The first small cell lung cancer study is very basic research so there’s still a lot to learn. For instance, there’s one feature that is very unique to small cell lung cancer that the patients react quite well on chemotherapy but they relapse quite early with a very chemoresistant phenotype. So to understand those maybe these biological processes we identified might help so we look more deeper into that. For the neuroblastoma case there are actually drugs targeting this telomerase and we have to see in future if this might be a targetable option. Definitely it can be used for classification, we showed that in the paper as well, that you can classify risk basically and also the survival with that, but the ultimate goal would be that you can target that and hopefully cure patients.
What are the next steps?
What we recently looked at is more into tumour evolution of these cancers and other cancers, also colorectal cancers. We’re doing this with very deep whole genome sequencing at the moment and then we tried to identify subclones from this and try to decipher how do they evolve in time and can we link that to timing of events, try to understand the progression of the disease, so that’s the next steps we will be pursuing.
Besides money, what obstacles have you faced?
The other obstacle is the really big data sets, so using huge data sets, one patient is about 200GB in size, that would be roughly 43 DVDs if you put it like that. So to basically get data from elsewhere and running through the same pipeline is quite tedious, you have to move a lot of data through either the internet or by hard drives and that’s quite an obstacle. There are solutions of cloud computing but there are other issues with ethics because it’s sensitive data.
The other obstacle is this interdisciplinary work may in some cases not really be appreciated by some institutions so we have to work to get this working hand in hand with different disciplines and together to better link that and better get a common language and that basically needs some education programmes for all the disciplines.
What will the eventual benefit be of this work?
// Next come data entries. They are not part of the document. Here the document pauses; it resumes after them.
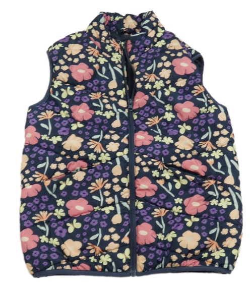 Tmavomodrá šušťáková prešívaná zateplená vesta s kvietkami Name it
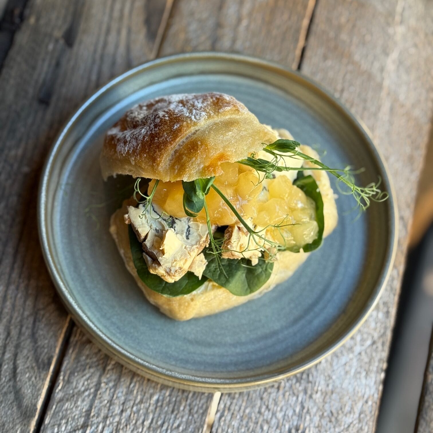 Ingredienser | Levainfralla, veg.smörgåsmargarin, sallad, delikatessost från Lilla Skafferiet, päronkompott & grönt
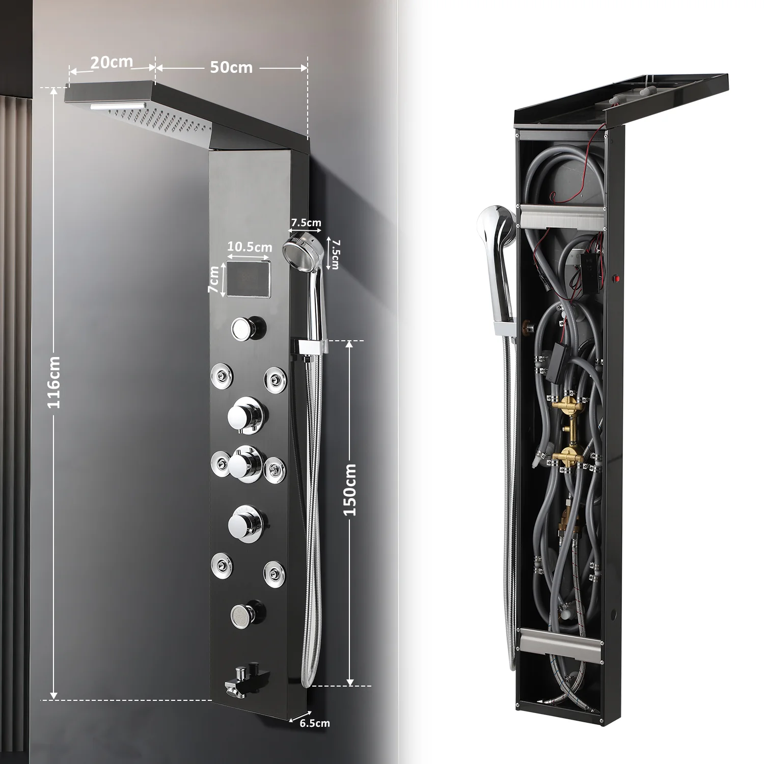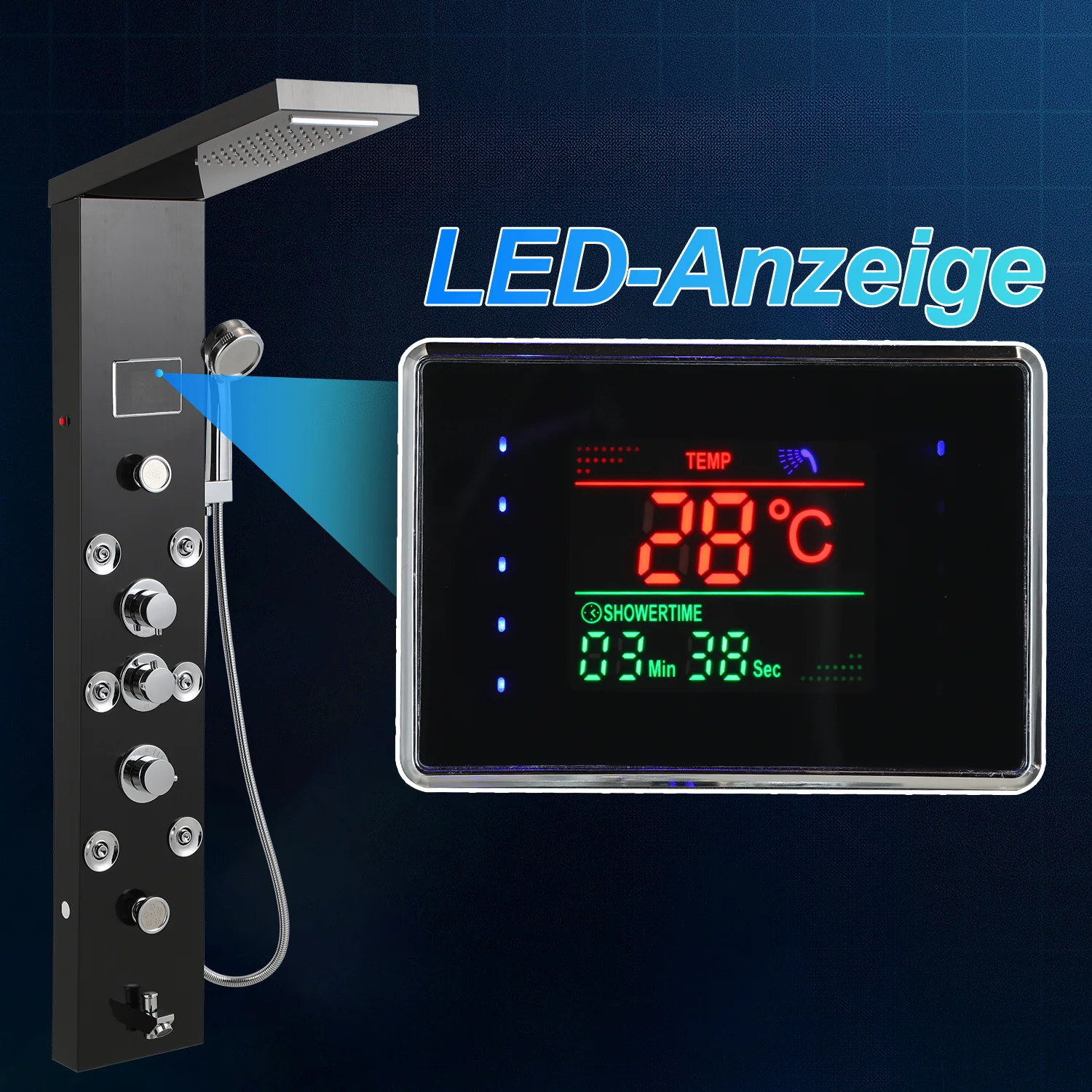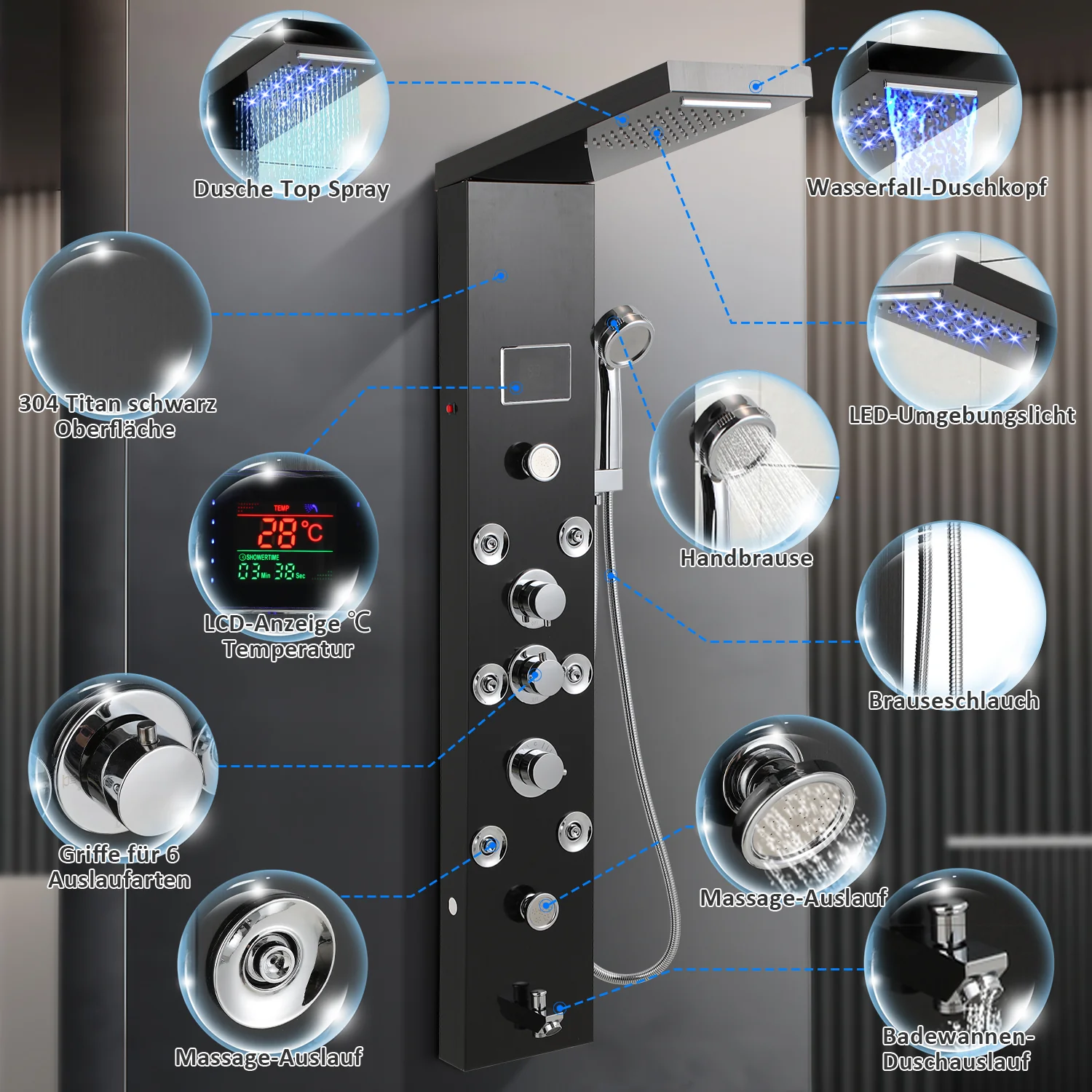 Duschpaneel Wandduschpaneel 5 Funktionen Edelstahl Schwarz

The ultimate benefit would be finding processes that are really the driving events of these cancer types. So one would be the rearrangement for these neuroblastomas but we found other alterations in small cells that could be targetable. The ultimate goal is just to find basically a lesion that can be targeted in some way that the tumour at least goes away, the patient has a longer survival if not cure, but that is a long way. But still we are quite positive to pursuing that to get more knowledge of that.
What would be your take home message?
Really look very deep into the data very clearly. Quality is really an issue, it has never settled basically. You can tweak there and there and there and there and ultimately you will find some new insights in the data set. It’s very complex and we will not be finished with analysing these data sets for quite some time. Of course there are all these other issues with doing experiments, doing functional experiments on the downstream work.